Setelah berhasil masuk, tekong di Aceh menjemput dan membawa mereka ke Sumatera Utara melalui jalur darat dan kemudian ke Malaysia melalui Tanjung Balai.

Tidak sedikit juga imigran yang diantarkan langsung ke negeri Jiran menggunakan speedboat berkecepatan tinggi, namun ada juga yang tenggelam di laut seperti peristiwa di perairan Aceh Barat yang menyebabkan banyak korban jiwa.

Lebih parah lagi, setelah proses pergantian kapal selesai di laut lepas, ada tekong yang membiarkan kapal tangkap yang mengangkut manusia itu terombang-ambing hingga bertemu dengan para nelayan yang sedang mencari ikan di laut.

Baca juga: Kapal ditumpangi imigran Rohingya di Aceh diduga milik warga lokal

Dugaan kolaborasi dengan oknum

Miswar juga menyoroti bahwa banyak imigran yang terdampar di perairan Aceh dan ditempatkan di penampungan berhasil melarikan diri.

Hal ini diduga kuat karena adanya kolaborasi antara tekong dan oknum-oknum tertentu. Kolaborasi ini memungkinkan imigran untuk lolos dari tempat penampungan dan lari ke Malaysia.
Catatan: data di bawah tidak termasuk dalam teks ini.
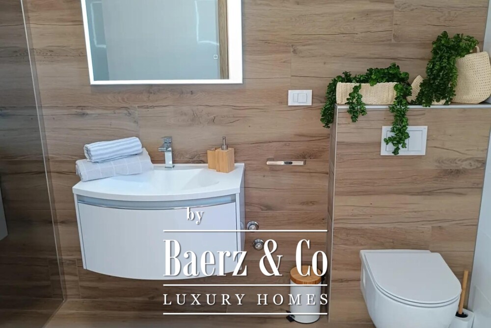 Central to the landscaped courtyard lies a 45 m² swimming pool, bordered by a sunbathing area, summer kitchen with barbecue, an outdoor shower, and a playground. Four parking spaces are conveniently positioned by the entrance. Floors throughout are finished in refined ceramics, with electric underfloor heating in bathrooms and inverter air conditioning in every room. Villa Medulin is presented fully furnished and is currently operated as a tourist rental, offering a blend of comfort, design, and discretion on the Adriatic coast.
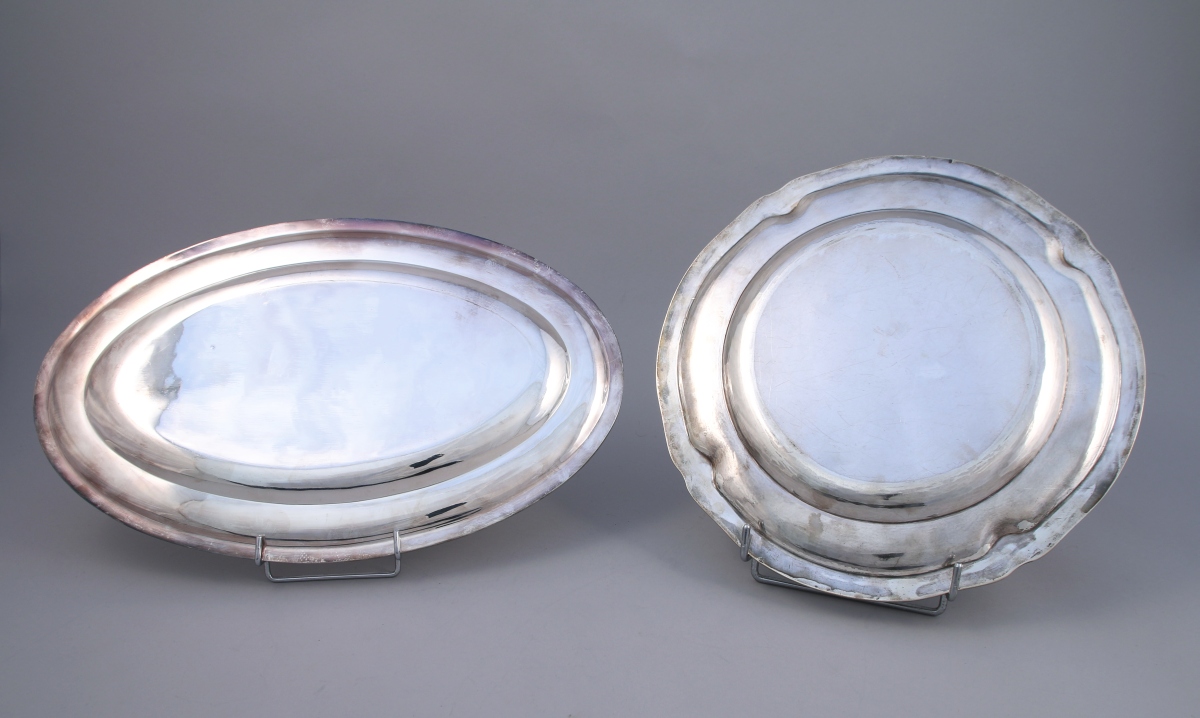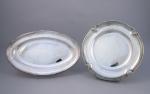 JOINT : PLAT de forme oblongue en métal argenté. Bordure à joncs rubannés.
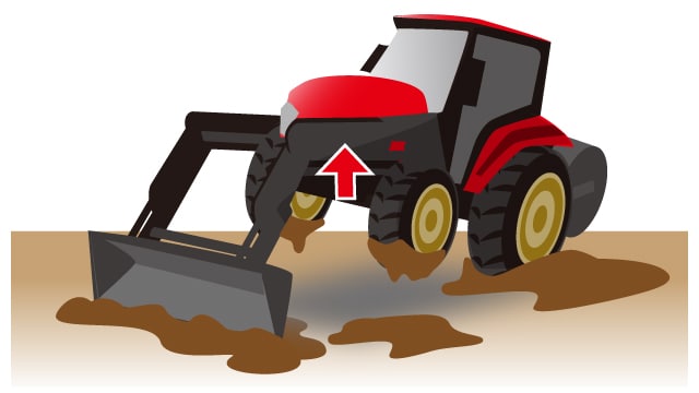 堆肥・飼料などの積込みや、前輪を浮かせてのヌカルミ脱出、掘削・整地作業に威力を発揮します。
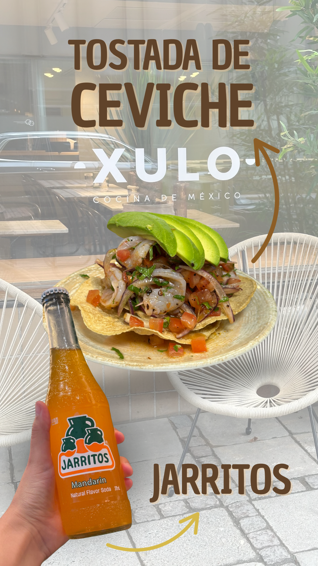 Mazatlan style: räkor som marinerats i lime blandat med färska tomater, avokado, hackad lök och koriander. Ceviche serveras med totopos (egengjorda nachos). En ceviche är stor som en huvudrätt eller som en stor förrätt för 2 personer.
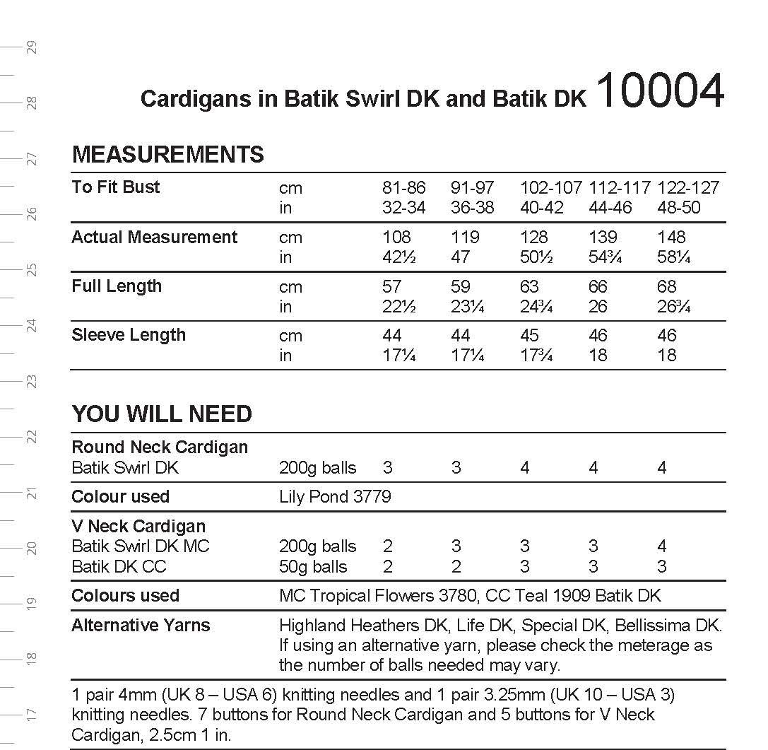You will also need:1 pair 4mm (UK 8 – USA 6) knitting needles and 1 pair 3.25mm (UK 10 – USA 3) knitting needles. 7 buttons for Round Neck… Read More
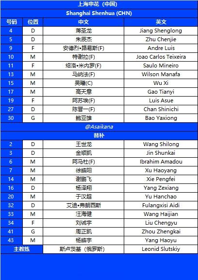 直播吧11月26日讯北京时间今晚20点15分,亚冠精英联赛东亚区第5轮,上海申花vs神户胜利船,赛前首发阵容公布。
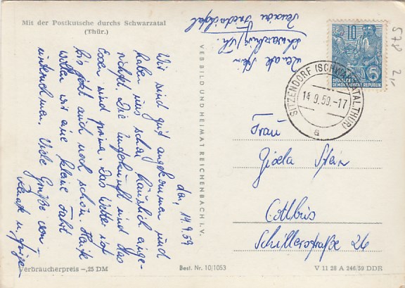 Schwarzburg in Thüringen Postkutsche Pferdekutsche 1959
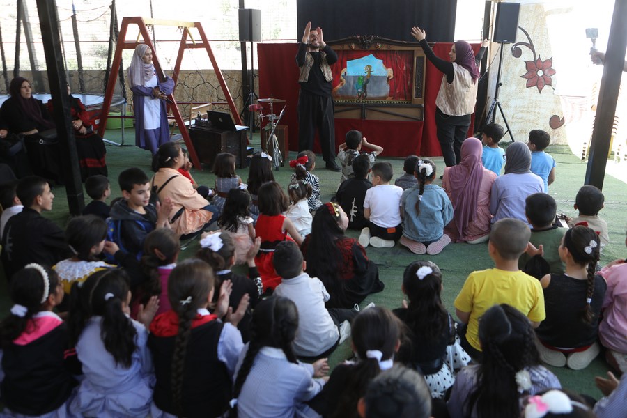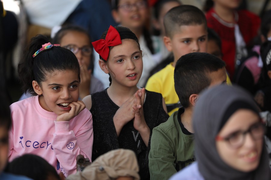 Palestinian children watch a puppet show in the Yatta village, south of the West Bank city of Hebron, on May 19, 2022. (Photo by Mamoun Wazwaz/Xinhua)
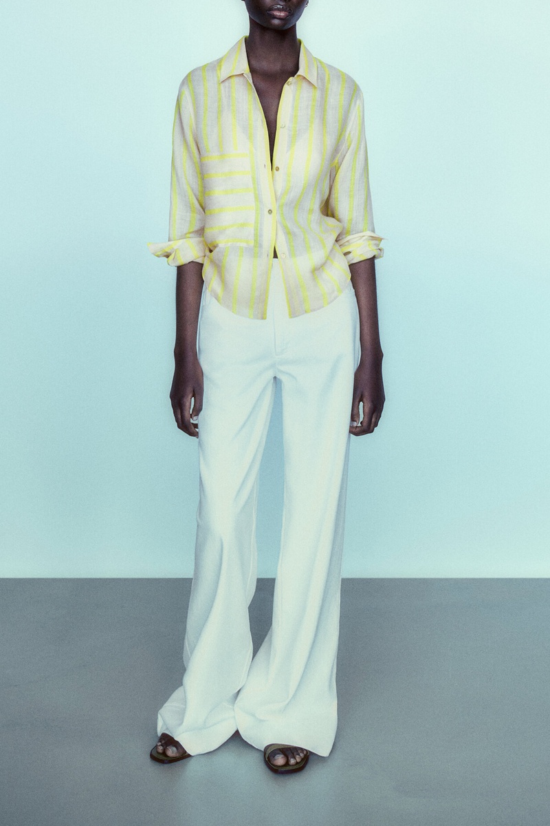 Chemise rayures 100% ramie - Beige et vert citron
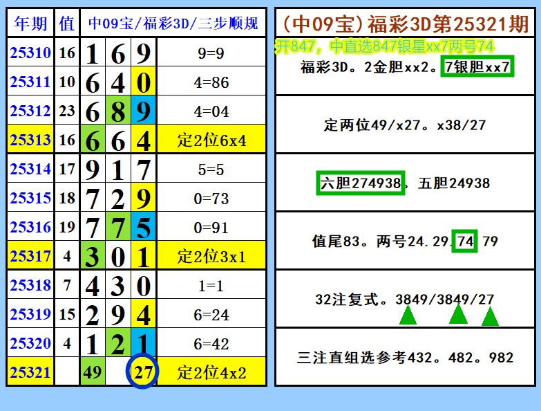(中09宝)视频经典回顾,福彩3D第321期,中直选847银星xx7两号74
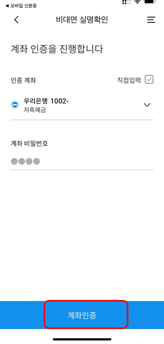 통신사를 통해 인증을 하면 신분증으로 확인을 하는데 신분증을 촬영하거나 모바일 운전면허증 어플이 있으면 저걸 누르면 자동으로 인식합니다. 비대면 실명확인에 대한 동의를 해주고 계좌를 인증합니다.
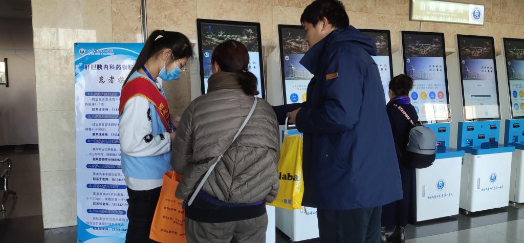 一院社会工作部负责人郝婧给大家简单地介绍了一下导诊工作的具体内容。随后,志愿者们进行了上岗前的线上培训,并且全部顺利通过。紧接着志愿者们走上自己负责的区域岗位,耐心地给每一位患者及患者家属进行细致耐心的解答。虽然正值门诊高峰,大厅内人头攒动,给导诊工作带来较大压力,但每一位志愿者都有条不紊地为患者提供服务。在门诊大厅,他们身穿统一的蓝马甲,为前来就诊的患者提供舒适、便捷、贴心的服务;患者有疑问时,他们前来解答;患者排队时,他们帮助疏导;患者不理解时,他们帮助解释;患者行动不便时,他们上前搀扶。流动岗在人群中穿梭,维护秩序,通过为患者提供接、陪、送、答、帮等全程服务,给患者带去了温暖,提高了工作效能……一系列志愿服务让每位患者都感受到冬日阳光的热情与温馨。活动接近尾声,爱心志愿者们一同合影留念,共同记录这短暂的美好时光。
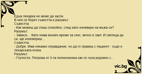 Млъкнала съвестта. Тъкмо докторицата се унася в сън, съвестта пак се обажда ехидно:
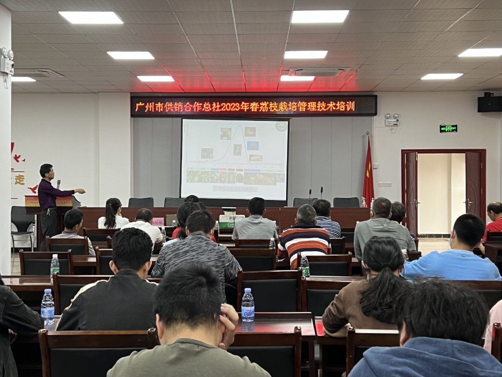 为加强对荔枝种植类农民专业合作社及荔枝果农的专业技术支持,提升荔枝果农标准化生产管理技术,实现助农工作提质增效,促进荔枝种植业高质量发展,3月21日上午,市供销合作总社在增城区增江街四丰村举办“荔枝栽培管理技术培训”,来自从化、白云、增城等涉农区的荔枝种植类专业合作社、家庭农场、荔枝种植户等近40人参加了培训。
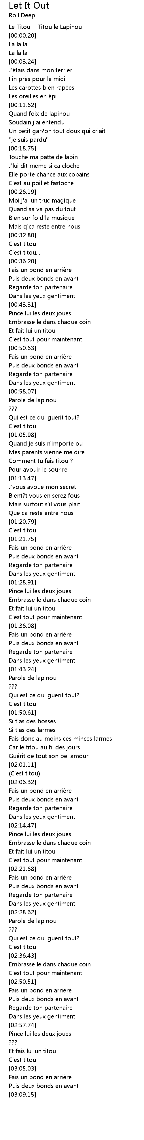 | [00:00.00] | Le TitouTitou le Lapinou |
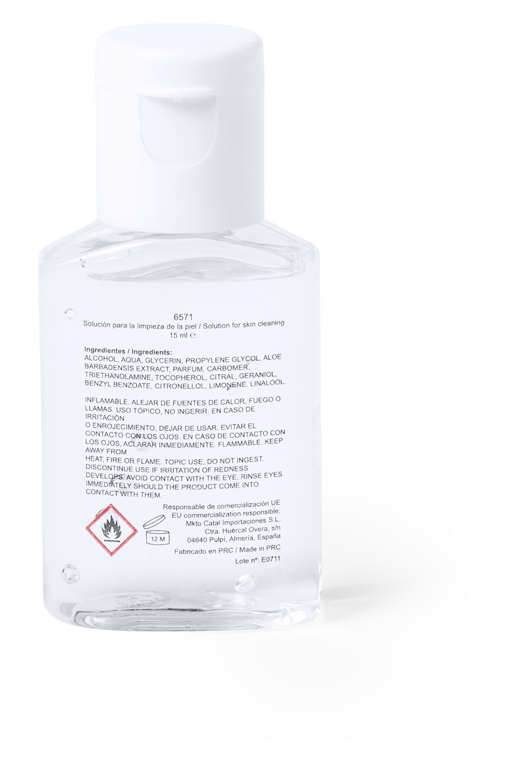 Gel hidroalcohólico para higiene y limpieza de la piel en bote rellenable de 15 ml, con dosificador y tapón de seguridad. Cuerpo transparente, con tapón en color blanco. Solución con 65% de contenido de alcohol. Artículo con certificación GMP (Good Manufa 15 ml. Solución para la limpieza de la piel
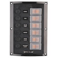 Ideal where panel front is subject to light spray and water. Note: Not designed for total immersion. Mounting gasket included. Panel rating: 12 volts, 37 amps total. Individual circuit: 10 amps maximum. Meets CE specifications. To customize panel to your specific setup, an assortment of preprinted labels and fuses are included.
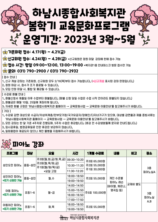 * 기존회원 접수: 4/17(월)~4/21(금)
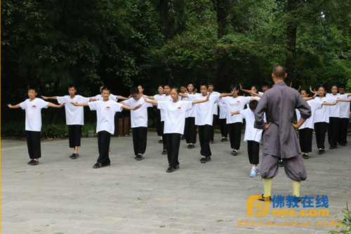 这次的“禅武之旅”夏令营的营员中,有着各年龄层次的功夫爱好者慕名前来学习。按照营员年龄的不同,法师因材施教制定了不同课程内容:第一堂武术课的内容均为少林拳法、少林基本功练习。第二节武术课按照年龄分别讲授不同内容:成年组开始学习少林养生功《洗髓经》,少年组则强化练习少林功夫基本功法。
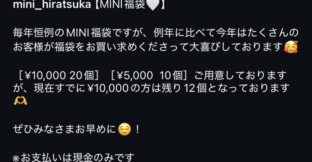 2025年1月7日 10:00~ MINI福袋販売開始
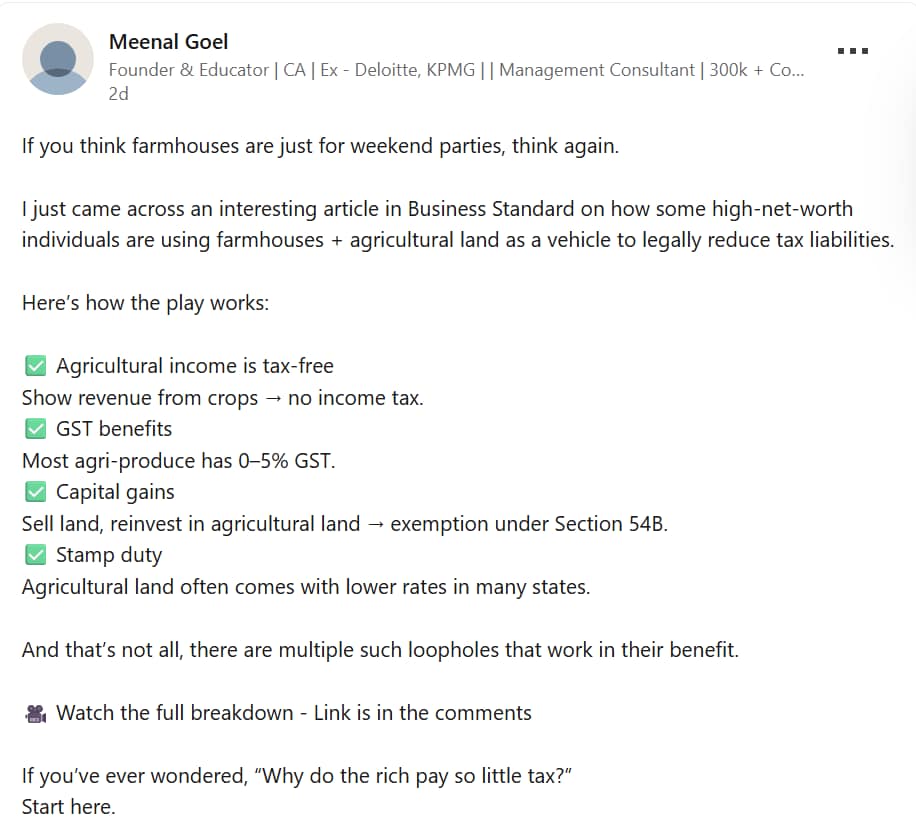 Farmhouses in India may be weekend retreats, but for the wealthy, they are also a way to save taxes legally. Chartered Accountant Meenal Goel, founder of an AI startup, recently broke down the strategy in a detailed LinkedIn post.
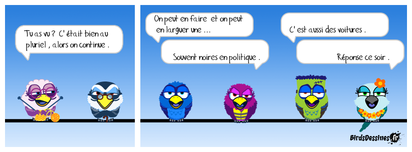 Case 1:Bird 1: Tu as vu ? C' était bien au pluriel , alors on continue . | Case 2: Bird 1: On peut en faire et on peut en larguer une ... Bird 2: Souvent noires en politique . | Case 3: Bird 1: C' est aussi des voitures . Bird 2: Réponse ce soir .
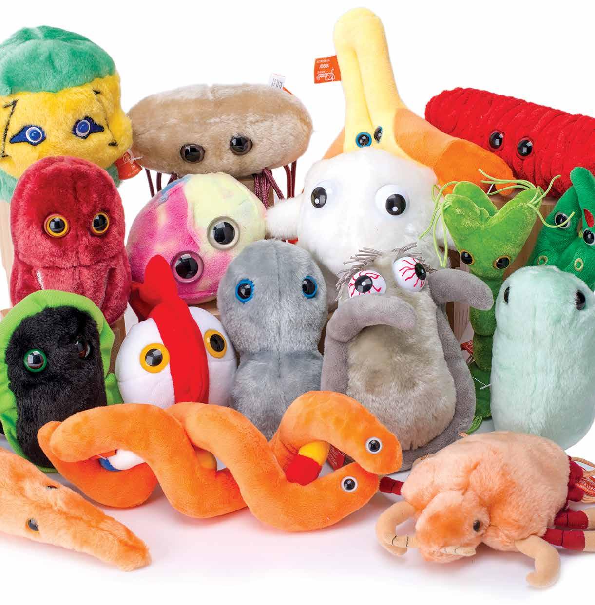 Giant Microbes are adorable plush toys with an educational twist. With a range including human cells, like Platelets, Nerves, and Muscles, as well as bacteria and viruses like the Common Cold, Chicken Pox, Mad Cow, and Ebola, these are some diseases you will not mind catching!
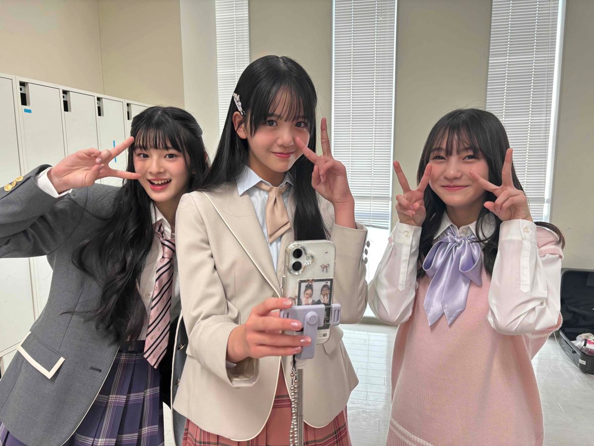 アイドルっぽい制服のヒナちゃん、リサ、ミレイ♡ スマホで自撮りをしているところをきゃーっち!
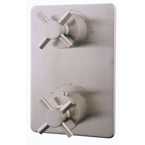 Xellanz Cross afbouwdeel inbouwthermostaat 2 weg geborsteld staal PVD
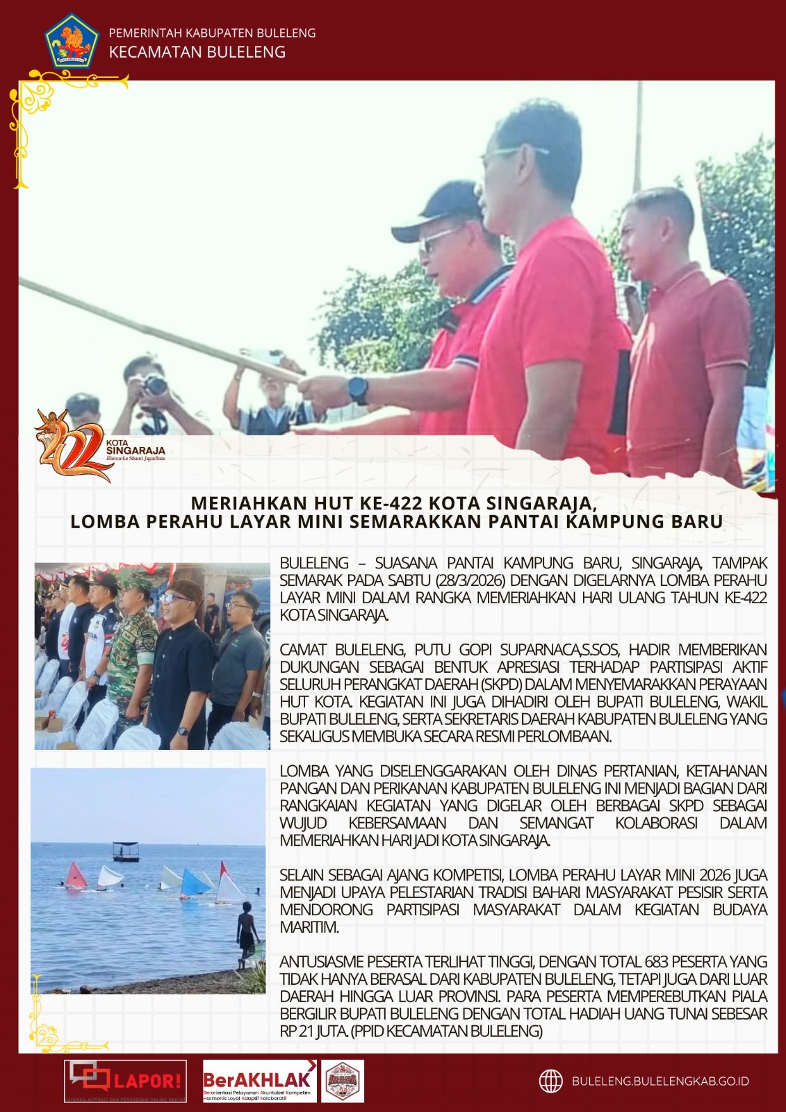 Buleleng - suasana Pantai Kampung Baru, Singaraja, tampak semarak pada Sabtu (28/3/2026) dengan digelarnya lomba perahu layar mini dalam rangka memeriahkan hari ulang tahun ke-422 Kota Singaraja.
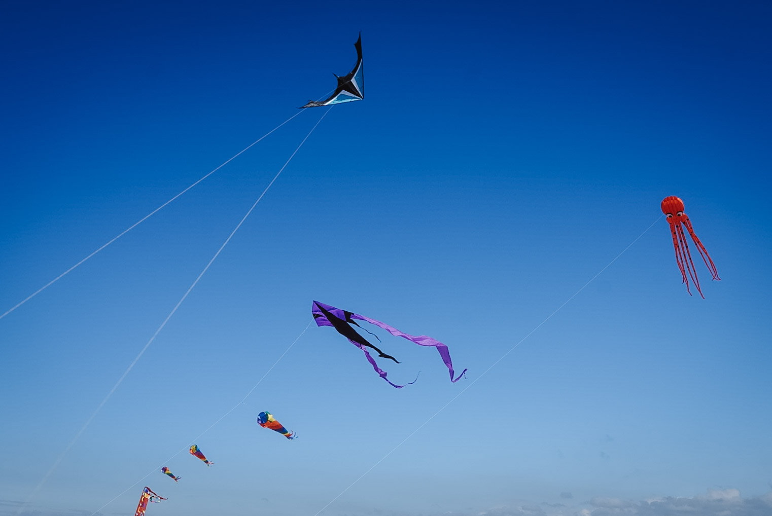 … und neben dem Schweinehund am Morgen wurden die Drachen am Nachmittag besiegt. Der Wind kam gleichmäßig stark vom Meer, so konnte nix im selbigen landen.

Setelah tiba di Malaysia, para imigran ini dipekerjakan oleh perusahaan atau majikan. Namun, gaji mereka setiap bulan dipotong oleh tekong dengan alasan untuk menutupi utang selama perjalanan. Gaji yang dipotong tersebut kemudian dikumpulkan dan ditransfer kepada tekong di Aceh dan India.

Hal ini berlangsung selama berbulan-bulan bahkan bertahun-tahun, membuat para imigran terjebak dalam siklus utang yang sulit dihindari, rentan terhadap eksploitasi dan kondisi kerja yang buruk.

Situasi ini menunjukkan kompleksitas dan tantangan dalam menangani masalah imigran ilegal di perairan Aceh. Kolaborasi antar negara dan berbagai pihak yang terlibat dalam jaringan penyelundupan manusia ini membuat penanganan masalah menjadi semakin sulit.

Oleh karena itu, SaKA mendesak pihak kepolisian untuk segera mengungkap dan menangkap dalang di balik konspirasi ini agar kejadian serupa tidak terus berulang dan menimbulkan korban jiwa di perairan laut Indonesia.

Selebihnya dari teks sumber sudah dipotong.